ASSIGNMENT: Please write out the lines of the data exactly, beginning with the first and ending with the line containing "丹霞山之美,是那種把雄奇包裹"; leave the pictures behind.

Records excerpted from a collection:
···

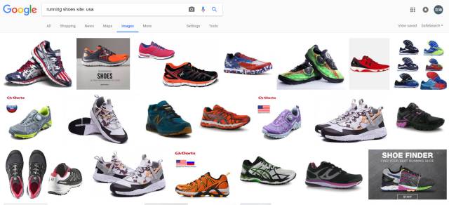 輸入“running shoes”,就會(huì)出現(xiàn)各種跑鞋,眼花繚亂。往下看在圖片結(jié)果的上端出現(xiàn)了一條不同顏色的單詞條,這是Google推薦的篩選細(xì)分類目。
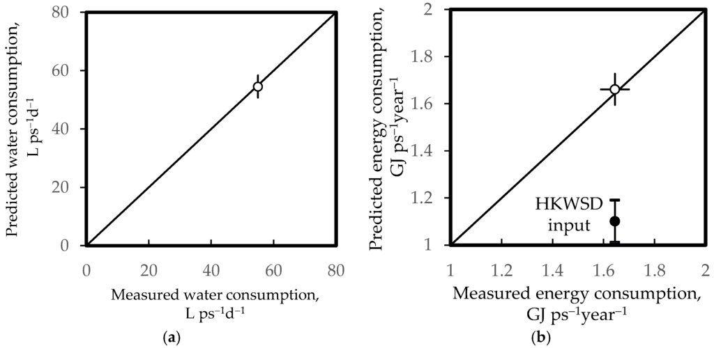 In addition, the annual amount of domestic hot water energy consumed (water used in cooking excluded) in Hong Kong reported by HKEMSD was taken as a reference (i.e., 1.645 GJ ps−1·year−1) [1]. Based on the data from HKWSD, the predicted energy consumption for September to May is 1.1 GJ·ps−1·year−1 (sd = 0.09 GJ ps−1·year−1), 30% below the HKEMSD reference value and the reference line for the energy consumption. Based on the year-round showering patterns of Hong Kong residents from open literature data [6,14], the predicted energy consumption is 1.66 GJ·ps−1·year−1; and as shown in Figure 5b, it is 1% higher than the HKEMSD reference.
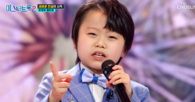 황민호는 리틀싸이로 유명한 황민우의 동생입니다. 초등학교 3학년인 황민호가 무대에서 뿜어내는 에너지는 성인 못지않고 감정을 표현하는 모습은 심사위원들의 환호를 이끌어 내기 충분했습니다. 춤에 관심이 많은 황민호는 짧은 시간 안에 빠르게 성장해 모든 사람들의 마음을 울리는 노래를 불렀습니다.
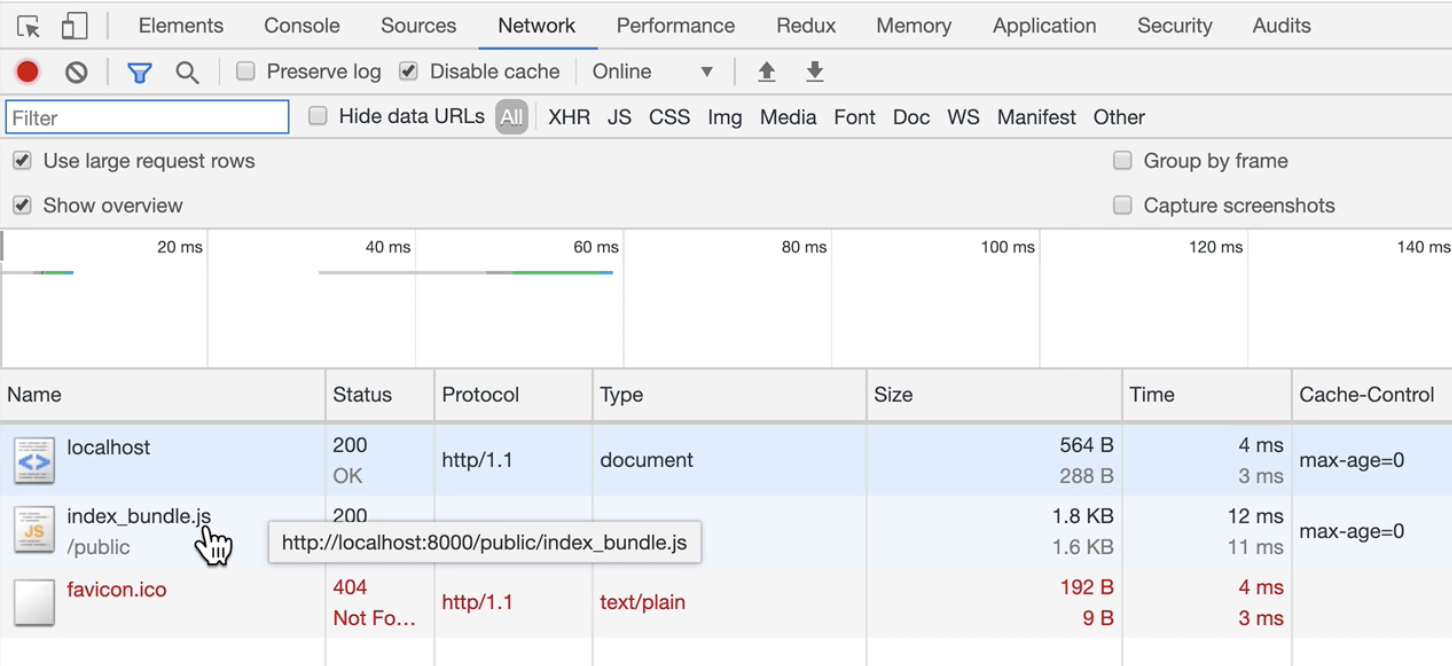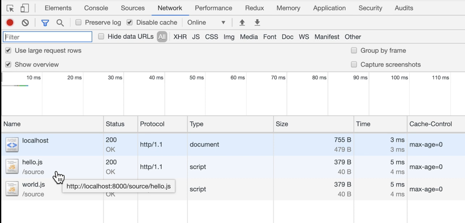 // 웹팩을 이용해 번들링한 파일을 네트워크 탭에서 확인하는 화면
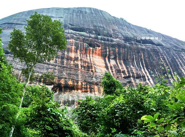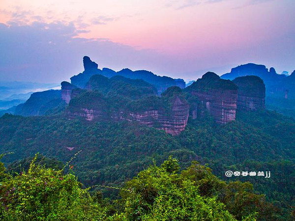 丹霞山之美,是那種把雄奇包裹在雋秀里的含蓄之美。它并不張揚(yáng),遠(yuǎn)望像是一幅優(yōu)美寧靜的水彩畫,顯示出一種優(yōu)雅之美、從容之美和曠達(dá)之美。雖然它的山勢并不高,但它的許多懸崖峭壁,像刀削斧鑿,直指藍(lán)天,無數(shù)奇巖美洞,隱藏于山中,景色相當(dāng)奇麗。
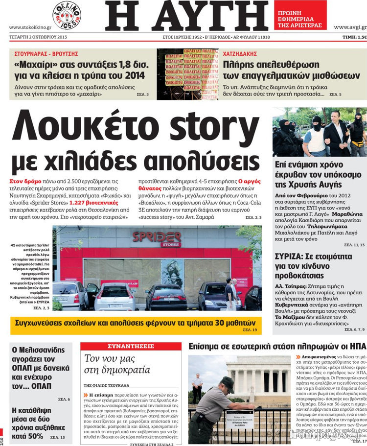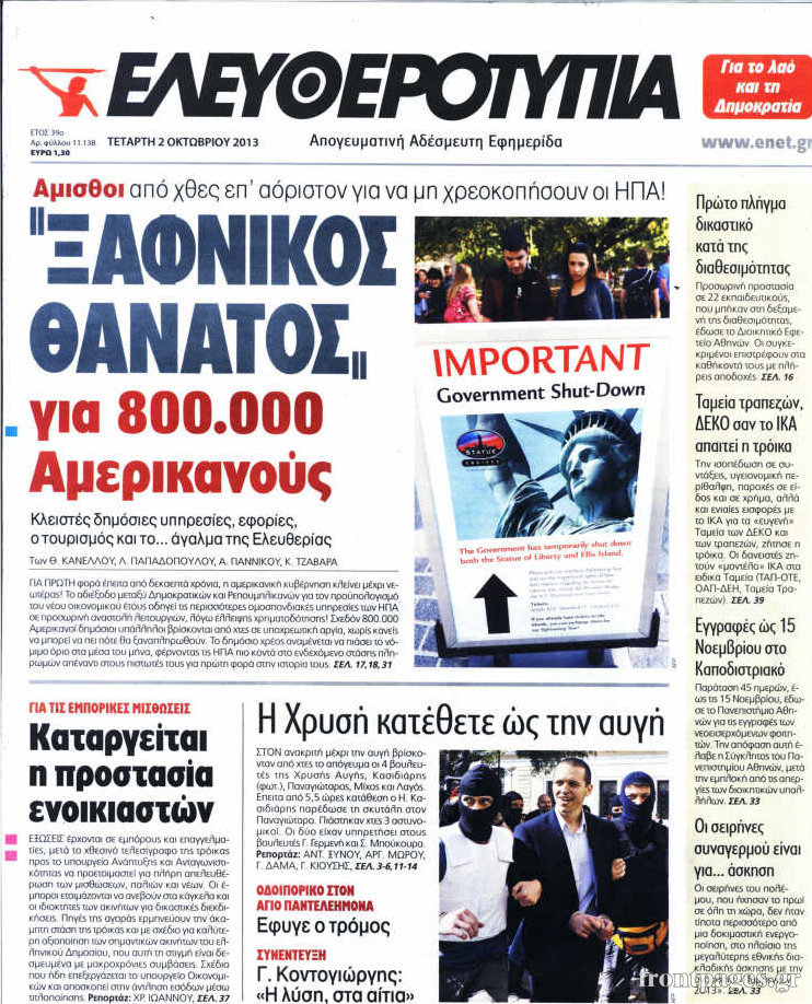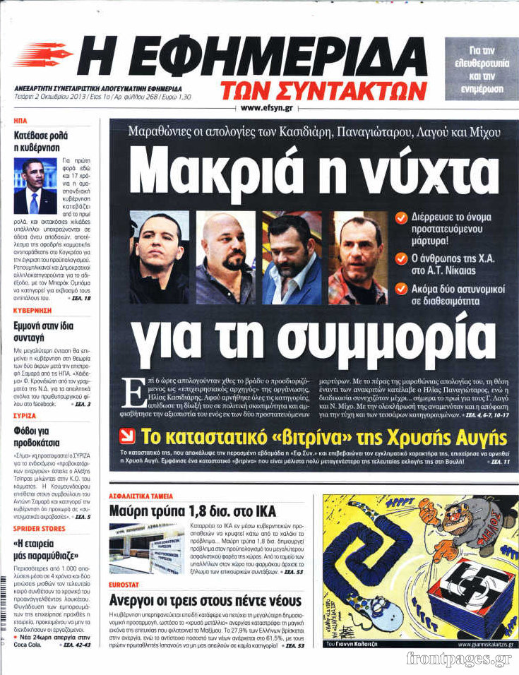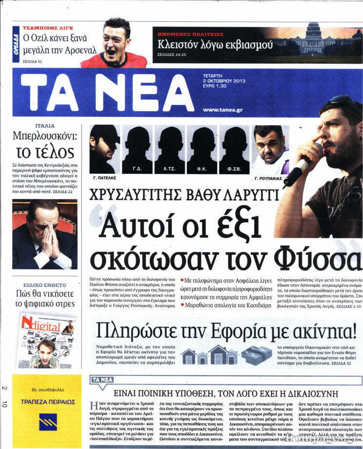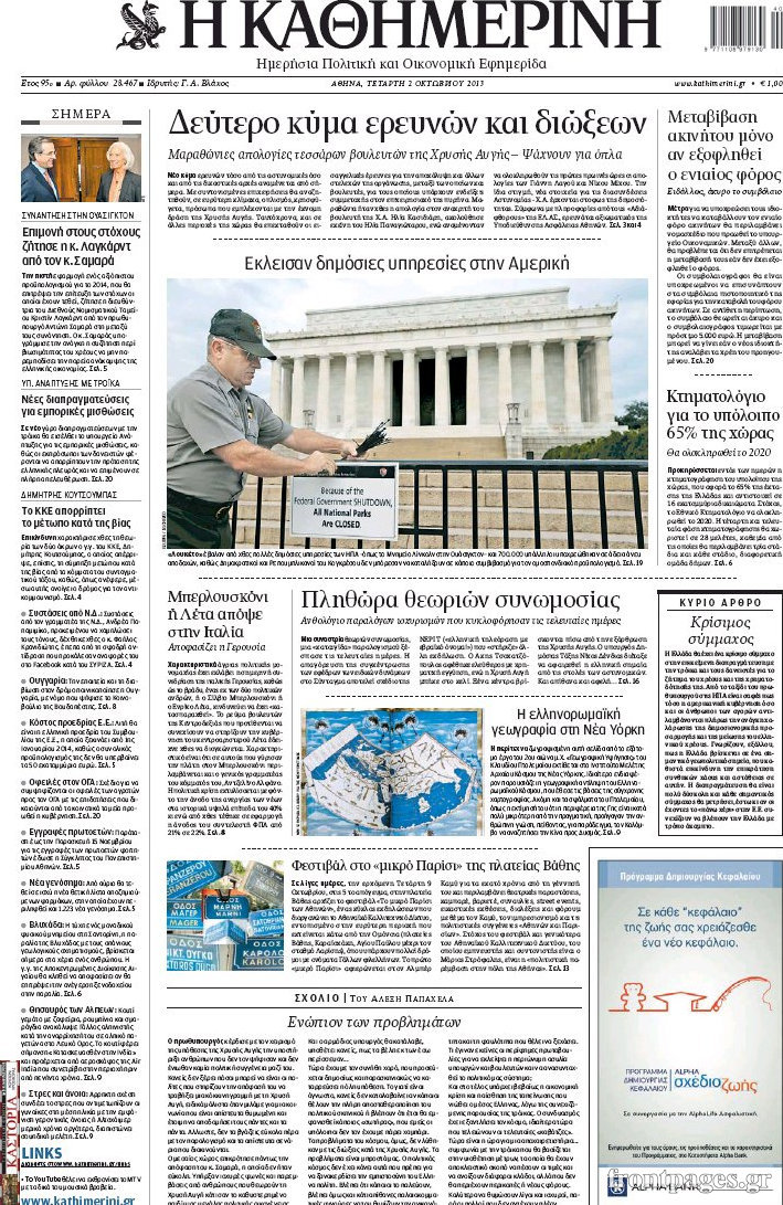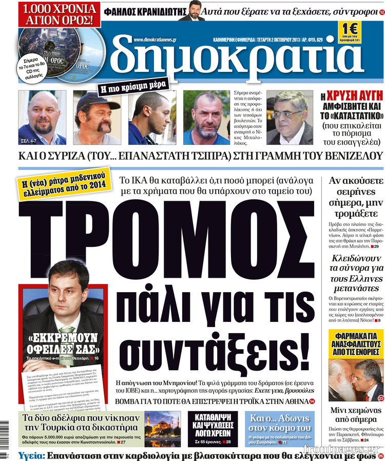 Οι πολιτικές εφημερίδες Enikos Newsroom 08:36, Τετάρτη 02 Οκτωβρίου 2013 Media Οι πολιτικές εφημερίδες ΕΦΗΜΕΡΙΔΕΣ ΠΟΛΙΤΙΚΕΣ ΕΦΗΜΕΡΙΔΕΣ ΠΡΩΤΟΣΕΛΙΔΑ Μοιράσου το: σχολίασε κι εσύ (0 σχόλια) Ακολουθήστε το enikos.gr στο Google News και μάθετε πρώτοι όλες τις ειδήσεις Δείτε όλες τις τελευταίες ειδήσεις από την Ελλάδα και τον Κόσμο στο enikos.gr Ειδήσεις Ροή Ειδήσεων 8 ώρες πριν Χριστούγεννα στα μπλόκα: Επιμένουν στις κινητοποιήσεις τους οι αγρότες – Ανοίγουν τα διόδια το Σαββατοκύριακο 9 ώρες πριν Ουκρανία: Η άνευ προηγουμένου επίθεση σε ρωσικό τάνκερ στη Μεσόγειο και το μήνυμα προς στον Πούτιν – Το «μακρύ χέρι» του Κιέβου 8 ώρες πριν Πούτιν: Τα μηνύματα σε Ευρώπη και ΝΑΤΟ από το μαραθώνιο «σόου» του – Η απαίτηση για «σεβασμό» και η ειρήνη «με τους όρους» της Μόσχας 7 ώρες πριν ΗΠΑ: Η κυβέρνηση του Ντόναλντ Τραμπ άρχισε να δημοσιοποιεί τα αρχεία Έπσταϊν 7 ώρες πριν Άνω Λιόσια: Πυροβολισμοί σε επιχείρηση με χαλιά – Εντοπίστηκαν 10 κάλυκες 53 λεπτά πριν Αυγά: Πόσα μπορείτε να τρώτε την ημέρα με ασφάλεια για μέγιστη πρόσληψη πρωτεΐνης 1 ώρα πριν Τα ζώδια σήμερα, Σάββατο 20 Δεκεμβρίου: Παρθένοι, το σύμπαν σας δίνει το κλειδί 8 ώρες πριν Ανακαλύφθηκαν αρχαία χρυσά νομίσματα 2.200 ετών που απεικονίζουν τον θεό Απόλλωνα – Η άγνωστη σύνδεση με τον Φίλιππο Β΄ της Μακεδονίας 9 ώρες πριν Ύπνος: Μια κρυφή κατάσταση του εγκεφάλου πριν από τον ύπνο μπορεί να είναι το “κλειδί” για υψηλή ευφυΐα και δημιουργικότητα 13 λεπτά πριν Κίριλ Ντμίτριεφ: Στις ΗΠΑ ο απεσταλμένος της Ρωσίας για συνομιλίες με τους ομολόγους του, Γουίτκοφ και Κούσνερ 21 λεπτά πριν ΔΕΔΔΗΕ: Διακοπές ρεύματος σήμερα (20/12) στην Αθήνα και σε άλλες 7 περιοχές της Αττικής 29 λεπτά πριν Κολομβία: Είκοσι χρόνια κάθειρξη σε πρώην ανώτερο αξιωματικό για 72 εκτελέσεις αμάχων 37 λεπτά πριν Οπτική ψευδαίσθηση: Μόνο αν είσαι ο Σέρλοκ Χολμς θα βρεις τον αριθμό «87» σε 7 δευτερόλεπτα 44 λεπτά πριν Σαρωτικοί οι έλεγχοι στους δρόμους ενόψει εορτών – Μπλόκα της τροχαίας σε κεντρικές αρτηρίες της Αττικής ENIKOS NETWORK Το ΕΚΑΒ τιμήθηκε από την Ακαδημία Αθηνών για τα 40 χρόνια προσφοράς του Έχετε πραγματικά μεγάλη καρδιά; 10 χαρακτηριστικά όσων έχουν καλοσύνη Αναστολή μέτρων αναγκαστικής εκτέλεσης για κτηνοτρόφους που πλήττονται από την ευλογιά των αιγοπροβάτων Πλήρης επάρκεια προϊόντων στις λαϊκές της Αττικής, παρά τις αγροτικές κινητοποιήσεις – Τι απαντούν οι πωλητές Χαρτογραφώντας το «σημείο χωρίς επιστροφή»: Για πρώτη φορά αποκαλύπτεται με λεπτομέρεια το ακανθώδες όριο της ατμόσφαιρας τ... Η Google καταργεί τη λειτουργία «dark web report» – Πώς θα μπορούν οι χρήστες να διαγράφουν τα δεδομένα τους περισσότερα 05:48 , Σάββατο 20 Δεκεμβρίου 2025 Οι οικονομικές εφημερίδες 20/12/2025 Διαβάστε τα πρωτοσέλιδα από τις οικονομικές εφημερίδες, σήμερα 20/12/2025. 05:43 , Σάββατο 20 Δεκεμβρίου 2025 Οι αθλητικές εφημερίδες 20/12/2025 Διαβάστε τα πρωτοσέλιδα από τις αθλητικές εφημερίδες, σήμερα 20/12/2025. 05:38 , Σάββατο 20 Δεκεμβρίου 2025 Οι πολιτικές εφημερίδες 20/12/2025 Διαβάστε τα πρωτοσέλιδα από τις πολιτικές εφημερίδες, σήμερα 20/12/2025. 04:20 , Σάββατο 20 Δεκεμβρίου 2025 Αγγελική Νικολούλη: Τα συλλυπητήρια για την απώλεια της Ειρήνης Μαρινάκη Τα συλληπητήρια στον πρόεδρο του Mega, τον Βαγγέλη Μαρινάκη, για την απώλεια της μητέρας του Ε... ΤΕΛΕΥΤΑΙΕΣ ΕΙΔΗΣΕΙΣ 13 λεπτά πριν Κίριλ Ντμίτριεφ: Στις ΗΠΑ ο απεσταλμένος της Ρωσίας... 21 λεπτά πριν ΔΕΔΔΗΕ: Διακοπές ρεύματος σήμερα (20/12) στην Αθήνα και... 29 λεπτά πριν Κολομβία:

···

OUTPUT FOR THIS TASK:
 輸入“running shoes”,就會(huì)出現(xiàn)各種跑鞋,眼花繚亂。往下看在圖片結(jié)果的上端出現(xiàn)了一條不同顏色的單詞條,這是Google推薦的篩選細(xì)分類目。
 In addition, the annual amount of domestic hot water energy consumed (water used in cooking excluded) in Hong Kong reported by HKEMSD was taken as a reference (i.e., 1.645 GJ ps−1·year−1) [1]. Based on the data from HKWSD, the predicted energy consumption for September to May is 1.1 GJ·ps−1·year−1 (sd = 0.09 GJ ps−1·year−1), 30% below the HKEMSD reference value and the reference line for the energy consumption. Based on the year-round showering patterns of Hong Kong residents from open literature data [6,14], the predicted energy consumption is 1.66 GJ·ps−1·year−1; and as shown in Figure 5b, it is 1% higher than the HKEMSD reference.
 황민호는 리틀싸이로 유명한 황민우의 동생입니다. 초등학교 3학년인 황민호가 무대에서 뿜어내는 에너지는 성인 못지않고 감정을 표현하는 모습은 심사위원들의 환호를 이끌어 내기 충분했습니다. 춤에 관심이 많은 황민호는 짧은 시간 안에 빠르게 성장해 모든 사람들의 마음을 울리는 노래를 불렀습니다.
 // 웹팩을 이용해 번들링한 파일을 네트워크 탭에서 확인하는 화면
 丹霞山之美,是那種把雄奇包裹在雋秀里的含蓄之美。它并不張揚(yáng),遠(yuǎn)望像是一幅優(yōu)美寧靜的水彩畫,顯示出一種優(yōu)雅之美、從容之美和曠達(dá)之美。雖然它的山勢并不高,但它的許多懸崖峭壁,像刀削斧鑿,直指藍(lán)天,無數(shù)奇巖美洞,隱藏于山中,景色相當(dāng)奇麗。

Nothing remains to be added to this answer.